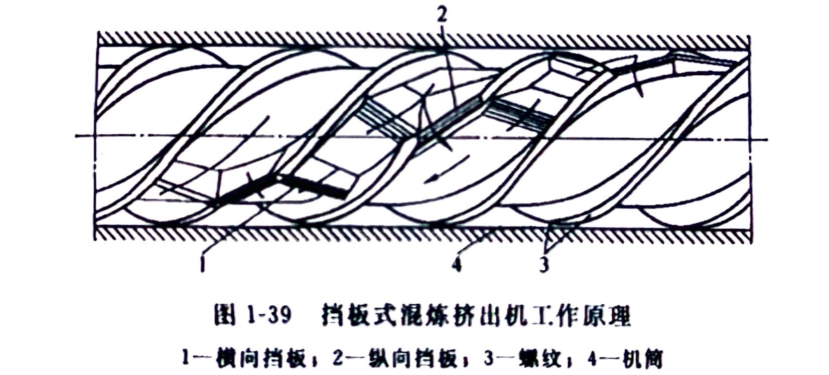 挡板式混炼挤出机主要工作部分是一个带有横向挡板和纵向挡板的多头螺杆,挡板式混炼挤出机工作原理如图 1-39 所示。胶料在挤出过程中多次被螺纹和挡板进行分割、汇合、剪切、搅拌,完成混合作用。横向挡板垂直于相邻两个螺纹面,它阻挡胶料的流动,对胶料产生较大的剪切作用。连接两个螺纹的挡板称纵向挡板,它使胶料产生分流作用,使胶料不断分割、混合。纵向与横向挡板的连接点即为分流点。在挤出过程中胶料各质点运动的行程不同,但它们经过纵向和横向挡板数却是相同的。因此所受的机械剪切、混合作用是相同的,故混炼的质量均匀。另一方面,剪切作用最大发生在靠近机筒壁墅处,传热效果好,胶料升温不大、操作稳定。
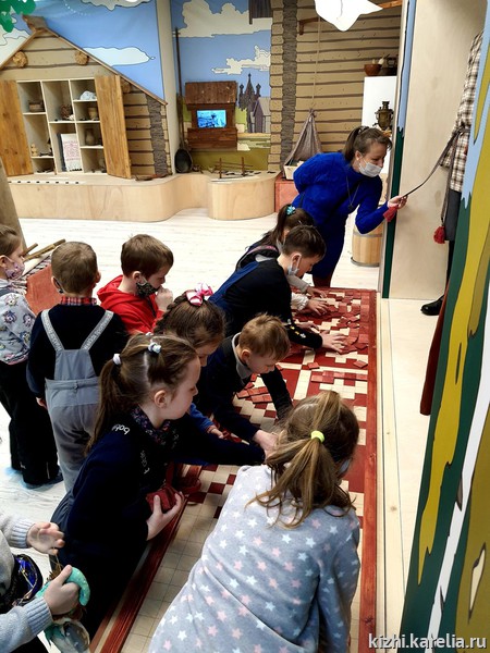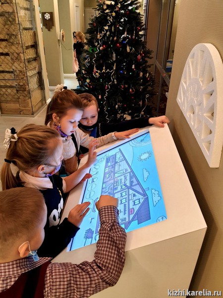 Дети зачаровано смотрели представление святочного театра «Рождественский вертеп», побывали на интерактивных выставках «Земля KižiMua» и «Кижи. Медиапространство», поучаствовали в забаве «Проживи год на острове Кижи в XIX веке» и на сенсорной панели угадали названия предметов крестьянского быта, а также своими руками создали «Рождественского ангела» — новогоднюю игрушку, исполненную в технике росписи по дереву.
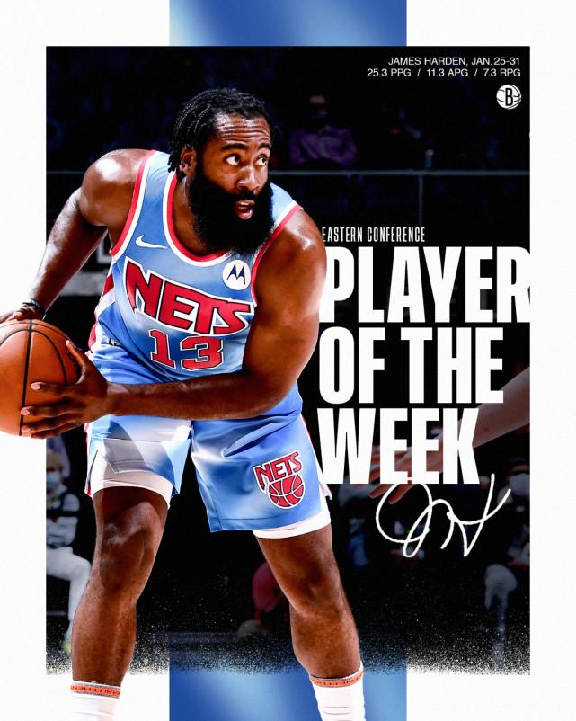 NBA官方刚刚宣布,哈登当选上周东部周最佳球员,这是他加盟篮网后首次当选周最佳,也是个人职业生涯第25次当选周最佳。哈登上周场均25.3分7.3篮板11.3助攻1抢断1盖帽,投篮命中率56.8%,三分命中率55%,罚球命中率88.2%,状态很不错。
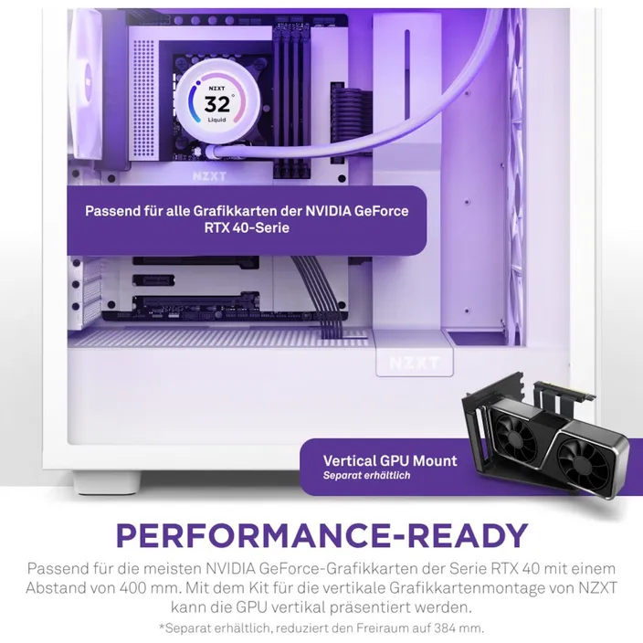 Passend für die meisten NVIDIA GeForce-Grafikkarten der Serie RTX 40 mit einem Abstand von 365 mm. Mit dem Kit für die vertikale Grafikkartenmontage von NZXT kann die GPU vertikal präsentiert werden.*
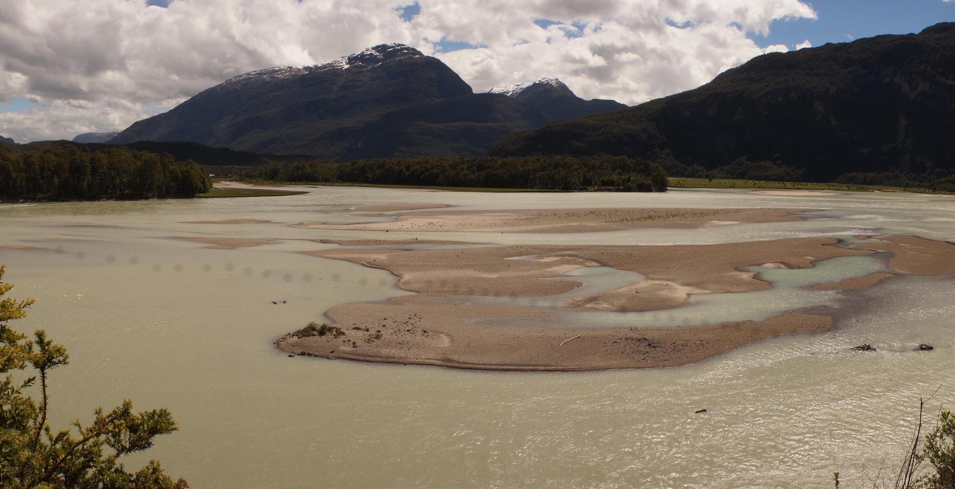 I take the tent down shortly before nine and then push the loaded up bike back up to the road not long after. The road on is a smooth consolidated gravel, like a good farm track, through groves of alerces trees that keep it in shade and cool. And it would remain much the same for the duration of the day, with only one short climb to spoil the apple cart. The way following a narrow river valley, then out alongside the biggest river in the region, Rio Baker.

=== WORK INSTRUCTIONS ===
What you give back must be the data above, reproduced exactly and free of pictures.

=== RESPONSE TO THIS TASK ===
 挡板式混炼挤出机主要工作部分是一个带有横向挡板和纵向挡板的多头螺杆,挡板式混炼挤出机工作原理如图 1-39 所示。胶料在挤出过程中多次被螺纹和挡板进行分割、汇合、剪切、搅拌,完成混合作用。横向挡板垂直于相邻两个螺纹面,它阻挡胶料的流动,对胶料产生较大的剪切作用。连接两个螺纹的挡板称纵向挡板,它使胶料产生分流作用,使胶料不断分割、混合。纵向与横向挡板的连接点即为分流点。在挤出过程中胶料各质点运动的行程不同,但它们经过纵向和横向挡板数却是相同的。因此所受的机械剪切、混合作用是相同的,故混炼的质量均匀。另一方面,剪切作用最大发生在靠近机筒壁墅处,传热效果好,胶料升温不大、操作稳定。
 Дети зачаровано смотрели представление святочного театра «Рождественский вертеп», побывали на интерактивных выставках «Земля KižiMua» и «Кижи. Медиапространство», поучаствовали в забаве «Проживи год на острове Кижи в XIX веке» и на сенсорной панели угадали названия предметов крестьянского быта, а также своими руками создали «Рождественского ангела» — новогоднюю игрушку, исполненную в технике росписи по дереву.
 NBA官方刚刚宣布,哈登当选上周东部周最佳球员,这是他加盟篮网后首次当选周最佳,也是个人职业生涯第25次当选周最佳。哈登上周场均25.3分7.3篮板11.3助攻1抢断1盖帽,投篮命中率56.8%,三分命中率55%,罚球命中率88.2%,状态很不错。
 Passend für die meisten NVIDIA GeForce-Grafikkarten der Serie RTX 40 mit einem Abstand von 365 mm. Mit dem Kit für die vertikale Grafikkartenmontage von NZXT kann die GPU vertikal präsentiert werden.*
 I take the tent down shortly before nine and then push the loaded up bike back up to the road not long after. The road on is a smooth consolidated gravel, like a good farm track, through groves of alerces trees that keep it in shade and cool. And it would remain much the same for the duration of the day, with only one short climb to spoil the apple cart. The way following a narrow river valley, then out alongside the biggest river in the region, Rio Baker.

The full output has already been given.